The authority to create a limited liability company rests with each state and the District of Columbia. Although each jurisdiction has formal LLC creation requirements to which you must adhere, you can complete the process rather quickly. Often times, you can avoid delays by familiarizing yourself with the jurisdiction’s requirement before you begin the formation process.
Fit your business needs with the right LLC package
Reserving a Name
All states require you to choose an LLC name not currently in use by another business entity within the jurisdiction. To avoid delaying the legal formation of the LLC, you may reserve a business name prior to filing the formation documents. Most jurisdictions provide you with access to its searchable database of unavailable business names. Once you determine that your name choice is available, most states allow you to reserve it, which ensures other businesses do not create an entity under that same name. For example, New York allows you to accomplish this by completing a one-page form and submitting a $20 fee. This reserves the name for 60 days, with the possibility of two extensions for a total of 180 days.
As a prerequisite to legal formation, every jurisdiction requires you to submit a short document that includes the name of the LLC, the name and address of the agent you authorize to accept legal service of process and the location of the LLC’s principal office. Jurisdictions refer to this document as the articles of organization, certificate of organization, certificate of formation or other similar name. Legal creation of the entity occurs at the moment the appropriate state office files this document. Since the document does not require extensive amounts of information, you can complete and submit it in a relatively short time.
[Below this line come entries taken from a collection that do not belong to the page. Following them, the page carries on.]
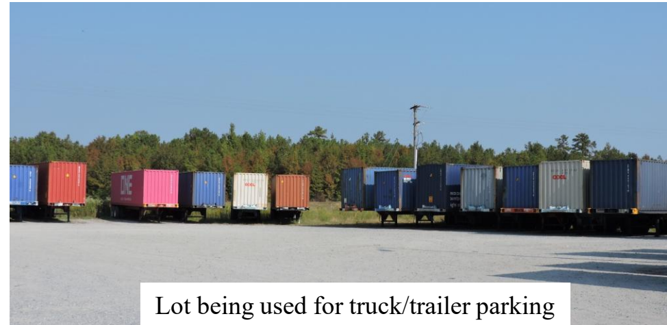
Lot being used for truck/trailer parking

The Fall Line Freeway (State Route 540) is a 215-mile-long highway from Columbus, GA to Augusta GA. Also known as the “Middle Georgia Corridor.” Site is just minutes away from both Gordon, GA and Ivey, GA. Nearby businesses include International Paper, Zschimmer and Schwarz, Inc., Sellers Construction, Active Minerals, Industrial Steel and Machinery, ISP Alliance, and industrial businesses.
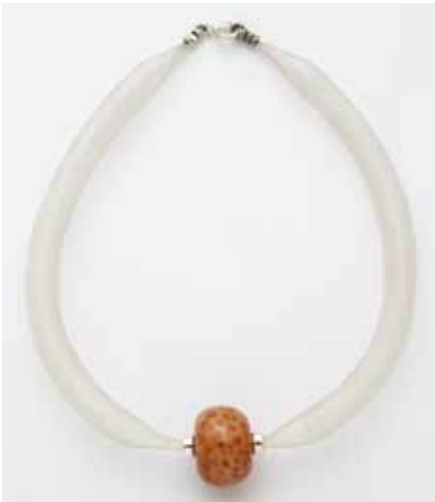
Mesh Choker - Round Carnelian

Carnelians, Asian, and Murano Glass Beads
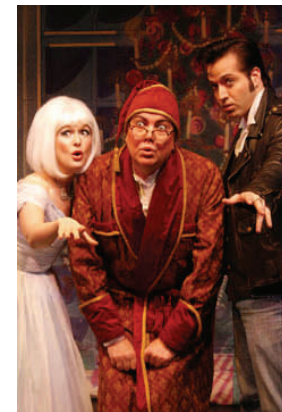
The Cast of Scrooge

Yes, the Holidays will soon be upon us. Your chance to enjoy them Tucson style and benefit the Friends of Agua Caliente is also here. Scrooge—A Gaslight Musical is our Holiday fundraiser this year and should keep us all laughing and singing right through to January. Come to The Gaslight Theatre production on Wednesday, December 12 at 8:30 PM. You can boo and hiss with the rest of us in the best of melodrama fashion. All seats are reserved in the first three rows of the theater which means the actors can't miss our responses to their antics and we are in the midst of the action. Reservations will be on a first come/first served basis. Your check is your reservation so sign up before the best seats are taken. See the included flyer for all the details.
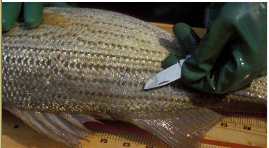
Using a pocket knife to remove scales from a striped bass.

Since the striped bass survey on the Delaware River is conducted during the spring spawning season, sex is easily determined. Often fish growth differs between males and females, as is the case with striped bass. Age and growth data are especially important when managing a fish species, like the striped bass, which migrates in and out of Delaware waters and is targeted by both recreational and commercial fishermen. Fish age and growth information is very important for quality management of Delaware's fish populations.
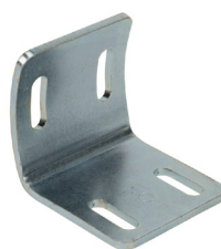
SFB-4SG / SFB-6SG

To ensure the business operations of the LLC run smoothly immediately upon formation, it is imperative that all LLC owners draft an operating agreement that provides all procedures members must adhere to. Most jurisdictions do not require an operating agreement and will not delay formation of the LLC in the absence of one. However, the lack of an operating agreement may delay the commencement of LLC business operations if members are in disagreement on how to operate the venture.
An LLC can engage in interstate business; however, it is required to register as a foreign LLC in each state in which it does business. To register, the LLC must file a document to obtain a certificate of authority. The time it takes to complete and file this document is comparable to the time it takes to file the articles of organization. For example, Delaware requires all foreign LLCs to register with its secretary of state by filing an application for registration, which requires the LLC’s name, state of formation, the nature and date of its initial business dealings in Delaware and the name and address of its agent. If an LLC does not comply and register in a state in which it conducts business, members may not seek judicial intervention in that state to resolve business disputes.